I wondered how any doctor could fix a person who could go crazy just because of a spoon. I decided that my mother must be right. Dr. Finch must be a very special doctor, different and better than all the others. A thin layer of trust had formed in my mind, like a scab.

“I’m gonna bring this upstairs to her. You better just wait down here. I’ll meet you back in the TV room in a few minutes.” She paused and lowered her voice. “Dad’s trying to wean her off all of us because he feels she’s nearly ready to live on her own. He’s already found her a nice apartment in the center of town and in a month, she’ll be living there. So it’s good that she met you, she needs to get used to meeting new people.” We left the bathroom with the newly cleaned spoon and headed to the front of the house. Hope smiled at me, mouthing the words,
wish me luck
. Then she headed up the stairs.

I backed into the hall slowly, listening to see if Joranne screamed when Hope brought her the spoon. I didn’t hear anything. So I walked into the TV room and it was empty. I sat back down on the sofa and glanced at my watch. Five-and-a-half days until my mother came to pick me up.
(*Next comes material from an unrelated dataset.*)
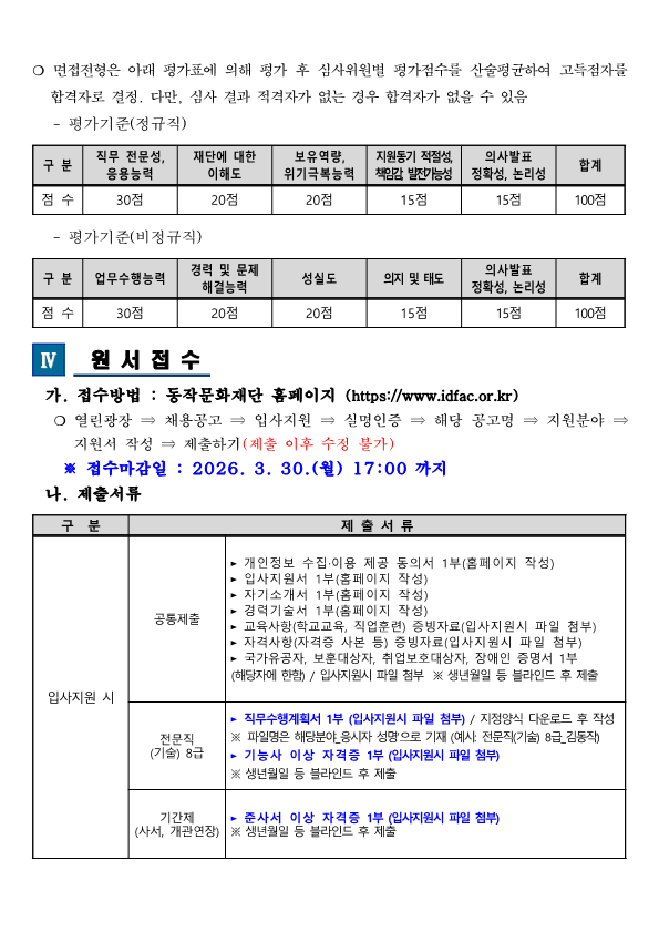 [(재)동대문문화재단] 2026년 제1차 직원 채용 공고
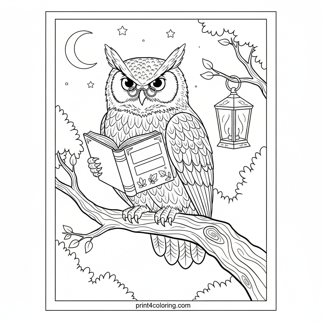 Witness a wise great horned owl, wearing tiny spectacles, deeply engrossed in a fascinating book. Perched on a sturdy branch with an antique lantern casting a warm glow, this detailed scene invites you to bring the quiet wisdom of the night to life. A perfect challenge for expert colorists!

Assuming she hadn’t lied about me only staying here for a week. Before she left with Dr. F she told me that I’d be “spending a lot of time with the Finches in their home.” So I knew it was going to be more than just this one week. It would be a day here, another day there. Maybe even weeks at a time. I could sense that it was getting more and more difficult for her to have me for even a day. And my father didn’t want me at all. He had found himself an apartment in the bottom of a house deep in the woods. I’d only been there once since the divorce.